There are moments, especially in the middle of the book, when it’s hard to tell who Bert is writing to. Himself? The Movement? Some imagined England yet to come? The diary isn’t just a record, it becomes a staging ground for restoration. Not of democracy, or decency, or anything so abstract, but of the world as he remembers it: stable, English, and his.

What begins as a diary ends, by the final chapters, as a manifesto. The tone doesn’t change, Muller never breaks character, but the content hardens. Bert is groomed by men with medals and titles; he’s installed as the Seabourne branch secretary. “We are all local people here,” one tells him. “We must never give potential supporters the impression that we’re directed from some remote central office in London.” The line could pass for a Reform UK press release.

The Movement’s platform rests on two foundations: racial purity and national rebirth. One speaker, to enthusiastic applause, calls for Britain to “bring the white countries of the Empire into a dynamic United White Federation,” and demands “a full-scale deportation of racially inferior elements.” This isn’t the private bile of a provincial grocer. It’s a programme, with slogans, posters, and spreadsheets. The Movement promises to “cut like a sword through the knot of parliamentary sloth.” Bert volunteers to help sharpen it.

There’s no catharsis, no reckoning. Ronnie, his son, vanishes from the narrative. Margaret, his wife, remains remote. But Bert no longer needs them. The Movement gives him what the shop, the marriage, the doctor never could: purpose, a title, and somewhere to put the blame. His final lists, always the lists, now include names of potential sympathisers, tasks for the next rally, leaflets to distribute. He files the Leader’s letter next to his father’s inventory books, as though the two were part of the same national tradition.

“We do not need to take power by force… It will be possible for us to assume power by purely constitutional means… We may have to give destiny a gentle kick in the pants from time to time—just to hurry it up a little.” 

Muller is careful never to parody him. The prose stays dry, exact. The horror comes not from what is said, but from how reasonable it all sounds. Bert doesn’t rave. He itemises. He straightens the edge of the page.

Reading it now, in the age of Farage and Reform UK, it is impossible not to hear the echo. Bert is not deranged. He’s recognisable. He worries about immigration, takes pride in the flag, wants someone to tell people what to do for their own good—a paraphrase, but only just. He doesn’t oppose democracy; he simply thinks it’s no longer working properly. He wants a leader who can clear things up. He finds one. By the end, he’s no longer confused. He’s efficient.

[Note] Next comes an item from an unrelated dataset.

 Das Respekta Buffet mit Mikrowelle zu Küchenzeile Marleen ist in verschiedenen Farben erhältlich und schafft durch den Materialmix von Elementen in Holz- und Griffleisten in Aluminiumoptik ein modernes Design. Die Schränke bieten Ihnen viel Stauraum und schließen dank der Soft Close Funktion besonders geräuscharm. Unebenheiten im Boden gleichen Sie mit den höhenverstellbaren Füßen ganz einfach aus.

Muller understood, well before it became fashionable to say so, that English fascism wouldn’t arrive in jackboots but in brogues. Or more precisely: in slippers. It wouldn’t march. It would shuffle. It wouldn’t shout. It would tut. The country wouldn’t fall to dictatorship. It would tidy its way there, one committee meeting at a time.

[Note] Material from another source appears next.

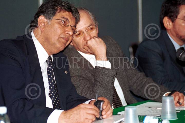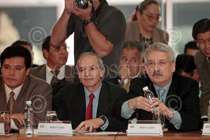 Los diputados Oscar Levín Coppel, presidente de la Comisión de Hacienda y Luis Pazos, presidente de la Comisión de Presupuesto, escuchan el documento que dio lectura el gobernador de Chihuahua, Patricio Martínez, en el cual los mandatarios estatales integrantes de la Conago proponen el monto de la Recaudación Federal Participable y, para 2003, pasar del 20 al 24% que se asigna al fondo general de participaciones, entre otros puntos. FOTO: Oswaldo Ramírez/CUARTOSCURO.COM

“We do not need to take power by force… It will be possible for us to assume power by purely constitutional means… We may have to give destiny a gentle kick in the pants from time to time—just to hurry it up a little.”

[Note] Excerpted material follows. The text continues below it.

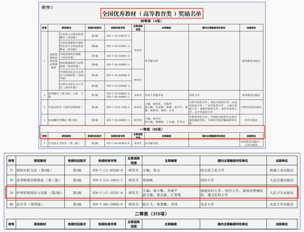 全国优秀教材一等奖(研究生教育《护理管理理论与实践》)

After All, This Is England is not just satire. It is something more uncomfortable: a novel that shows what fascism looks like before it calls itself by name. That it was published in 1965 and reads like a diary from 2025 is chilling. That it isn’t better known is worse.

When Trump was elected, Sinclair Lewis’s It Can’t Happen Here saw a renaissance in sales. Americans turned to fiction to understand what their institutions had failed to prevent. If Farage comes close to power, After All, This Is England should be our wake-up call, not because it tells us what could happen, but because it shows what already has.